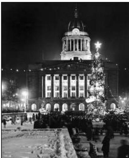
NTGM010077 - Old Market Square, Nottingham, c1950s
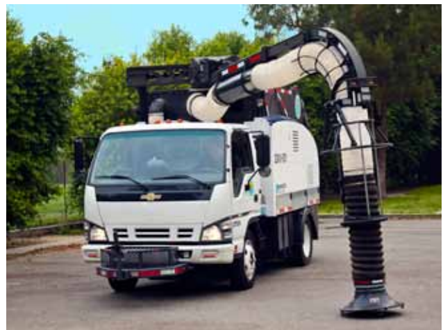
LT500 Litter Collection System

In-cab controlled robotic vacuum arm with 12" hose.
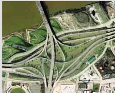
Below: Satellite view of metro Louisville, WITHOUT the Ohio River, which demonstrates amount of open land on Indiana side as opposed to Kentucky side.
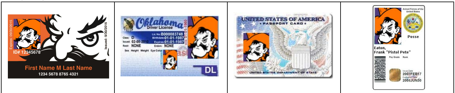
OSU ID Card
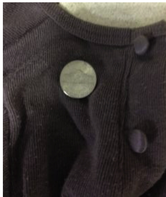
Figure 2. Buttons on patient's shirt; size relative to U.S. nickel coin.

diameter \geq 20 mm, DB size cannot be used to universally predict risk for injury (2). Also, even a spent cell can still maintain considerable residual voltage (2). DBs
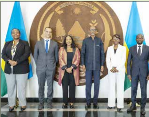
Meeting with Ms Pamela Coke-Hamilton, Executive Director of the International Trade Centre | Kigali, 9 May 2023
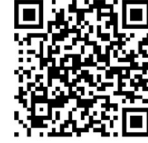
Shorten a String

Setting up for stringing: https://www.youtube.com/watch?v=bz3oI3h42Sk

★ ★ ★ ★

◆ Exercise instructions
Starting from the records above, filter out all lines except those containing the word "size".

◆ Result
Figure 2. Buttons on patient's shirt; size relative to U.S. nickel coin.
diameter \geq 20 mm, DB size cannot be used to universally predict risk for injury (2). Also, even a spent cell can still maintain considerable residual voltage (2). DBs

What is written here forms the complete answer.